At the respondent's disciplinary hearing, he entered into an Agreed Stipulation, admitting to violations of the Kansas Rules of Professional Conduct related to 11 complaints. Additionally, he acknowledged 22 other complaints under investigation, with 15 more filed since the hearing, totaling 48 complaints centered on lack of communication, diligence, and unearned retainers. The respondent agreed to reimburse the Client Protection Fund Commission for claims made against him, providing a written response for each claim. Out of 32 claims, only one was denied, while one is pending, and the remaining claims have resulted in reimbursements totaling $23,760. However, he failed to provide the required written responses.

Due to this non-compliance and the emergence of additional complaints, the Disciplinary Administrator has changed its recommendation from indefinite suspension to disbarment. The respondent contested this change, arguing that the Administrator should adhere to the original stipulated recommendation despite his failure to fulfill the agreed obligations. The stipulation's conditions link the indefinite suspension to the respondent's compliance with specific requirements, and his failure to meet these obligations has prompted the recommendation for disbarment. The court emphasized that its decision on disciplinary action is not bound by the recommendations and may impose greater or lesser sanctions as deemed appropriate.
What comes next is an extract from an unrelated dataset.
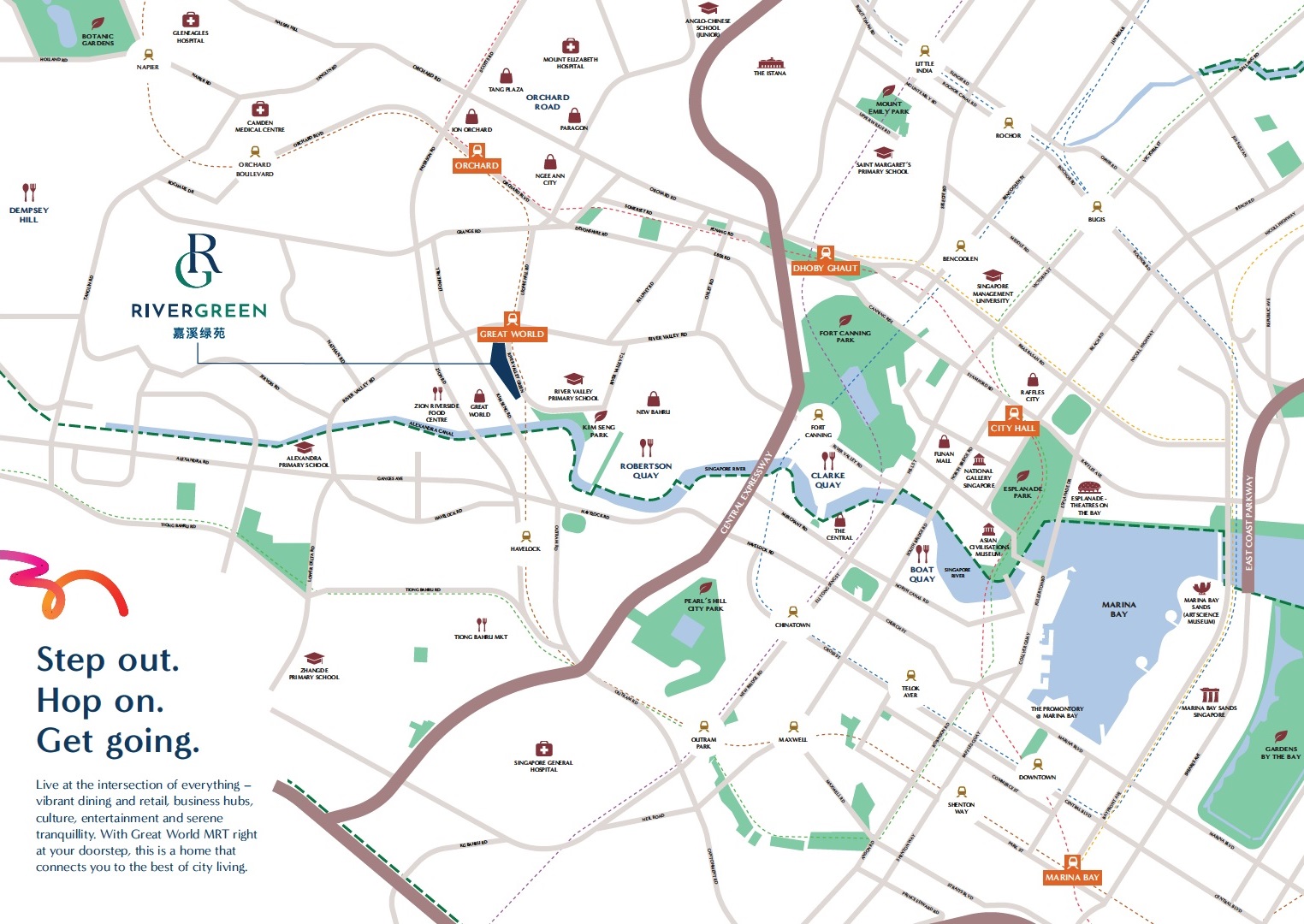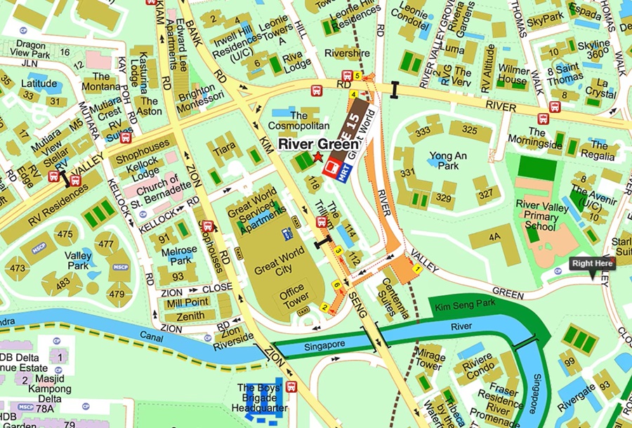 River Green is exceptionally well-connected with Great World MRT Station located just beneath the development. The Thomson-East Coast Line offers quick access to major destinations such as Orchard, Outram Park, and Marina Bay. Residents also benefit from nearby bus services along River Valley Road and Kim Seng Road, while drivers enjoy seamless access to the Central Expressway (CTE) and Ayer Rajah Expressway (AYE).

A total of 48 complaints have been filed against the respondent, Jack M. N. Shelton, since he began practicing law in Kansas in 1998, marking a record high for an individual in this period. The panel’s findings, based on the parties’ stipulations, are unchallenged and supported by clear and convincing evidence. The respondent has exhibited a consistent pattern of misconduct, including taking retainers without performing promised services, failing to communicate with clients, and retaining unearned fees. While a minority of the court advocates for disbarment, the majority opts for indefinite suspension as appropriate discipline. Consequently, Shelton is indefinitely suspended from practicing law in Kansas, effective immediately. He is ordered to reimburse the Client Protection Fund for all payments made on his behalf, which is a prerequisite for any future reinstatement. Should he seek reinstatement, he must meet all reinstatement requirements, including a hearing. Additionally, he must comply with Supreme Court Rule 218, bear the costs of the proceedings, and the opinion will be published in the official Kansas Reports.